Considering that the situation of close contact between pedestrians and individuals basically does not exist in the conventional man-machine hybrid environment, and the space occupation of single pedestrians is small, the volume factors of the pedestrians and the mutual extrusion conditions generated by crowding can be ignored. Therefore, in order to unify the expression form of the interaction force, the pedestrian and the obstacle are expressed by adopting a point model in the concrete implementation. The single pedestrian corresponds to a single particle model, and the obstacles with different forms are replaced by a dot matrix conforming to the outline characteristics of the obstacle, so that the environment representation of the dot model is formed. When analyzing a single pedestrian, consider the resultant force that all particles except the current point produce on it. The expression of the resultant force is as (1)

Resultant forceAttraction of the target point to the pedestrian>Mutual repulsive force ∈10 between pedestrians>Repulsive force of obstacle to pedestrian->Attractive +.>Four items.

The attraction force of the target point is the driving force in the movement of the pedestrian, and guides the pedestrian to move to the target position. The attractive force adjusts the pedestrian speed direction to gradually approach the target point direction, and simultaneously promotes the pedestrian to gradually accelerate to an ideal speed. In the absence of obstruction by an obstacle, the pedestrian will perform a uniform acceleration movement until the maximum speed is reached, so that the attraction effect of the target point is expressed here by the acceleration, as expressed in (2)
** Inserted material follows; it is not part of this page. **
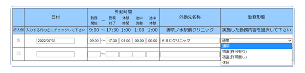 他病院での労働時間(外勤)を日に2回申請が行えます。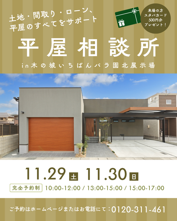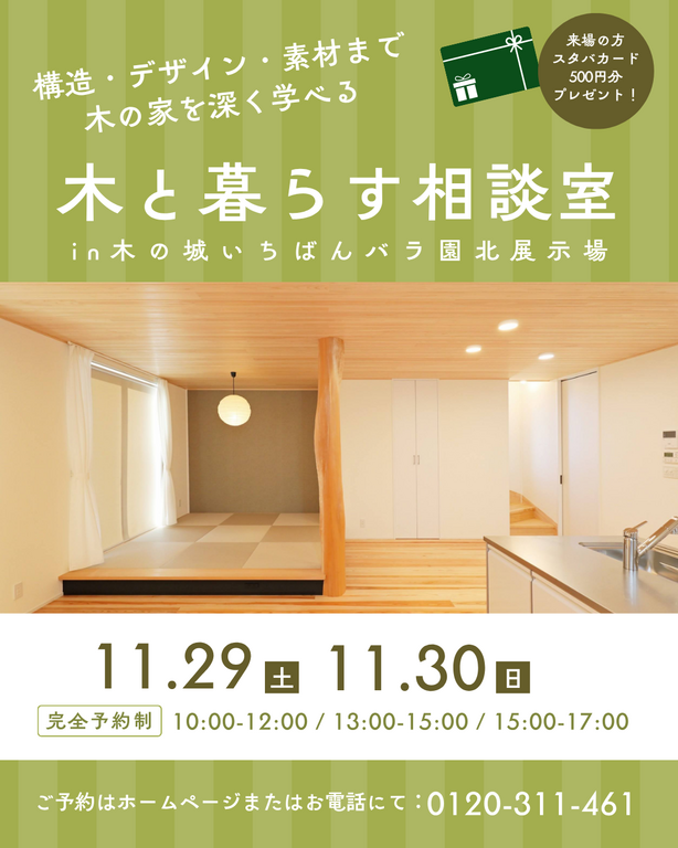 自然素材住宅のプロに聞く理想の暮らし方「木と暮らす相談室」を11/29(土)・30(日)の2日間、木の城いちばんバラ園北展示場にて開催させていただきます。

Wherein the method comprises the steps ofFor the ideal speed size +.>Is the target directionUnit vector->Is the current velocity vector. Because the pedestrians have certain reaction time, the surrounding environment can also bring certain interference, so that the pedestrians are difficult to reach an ideal state in actual movement. The relaxation time tau is calculated by adding a correction factor to the formula _α This phenomenon is described. The relaxation time expresses the length of time required by the pedestrian to adjust the motion state of the pedestrian under the actual condition, and the pedestrian gradually approaches the ideal speed in the time interval.

Dynamic pedestrians and static obstacles block the pedestrian from moving to the target point if the repulsive force of the current pedestrian. Because the point model is selected to express the current environment, the repulsive force of pedestrians and obstacles is converted into repulsive force between points. The repulsive force increases as the distance between the two points decreases, but the speed of decrease varies in the various directions of the pedestrian. According to the social regulation of pedestrians in public places, the pedestrians need a certain comfortable movement space. The space extends back and forth in the direction of movement and is relatively short in the direction of vertical movement, representing the general area of movement of the pedestrian, i.e. the area required for the necessary avoidance. The area is described here in terms of elliptical equipotential lines, as shown in fig. 4.

The definition of the ellipse is shown as (3)

Defining the current behavior A, and defining surrounding pedestrians or obstacle points as B. The current pedestrian step size is the focal length. The sum of the distances A 'B when the current distance AB and B between AB is kept motionless and A reaches A' after a step of walking along the current movement direction is long. The ellipse constructed by the method is the approximate avoidance range of the current pedestrian A in the pedestrian AB interaction process. The longer the minor axis B of the ellipse, the larger the avoidance space of the pedestrian, and the less uncomfortable the pedestrian B gives to the pedestrian a, so we define the expression (4) to express the change of the repulsive force effect in the form of an exponential function.

The parameters M and N are related to the scale of the scene, the blocking characteristics of the obstacle, the characteristics of the crowd and the like, express the strength of interaction between people and are adjusted in the specific test of the experiment.

By utilizing the known relationship among the interaction force direction between pedestrians, the motion direction of the pedestrians and the target direction, whether the surrounding pedestrians enter the current visual angle range of the pedestrians can be judged. Calculating the acting force of surrounding pedestrians on the current pedestriansIn the target direction->Projection size d on _now And rotating the force to the edge of the field of view, i.e. at + ->In the position, in the target direction->Projection size d on _min Comparing the two can judge whether the surrounding pedestrians are beyond the visual field. If the former is larger, it indicates that the pedestrian is located within the field of view of the current pedestrian, and a greater impact weight should be applied. Whereas the impact it has on the current pedestrian is attenuated or even ignored.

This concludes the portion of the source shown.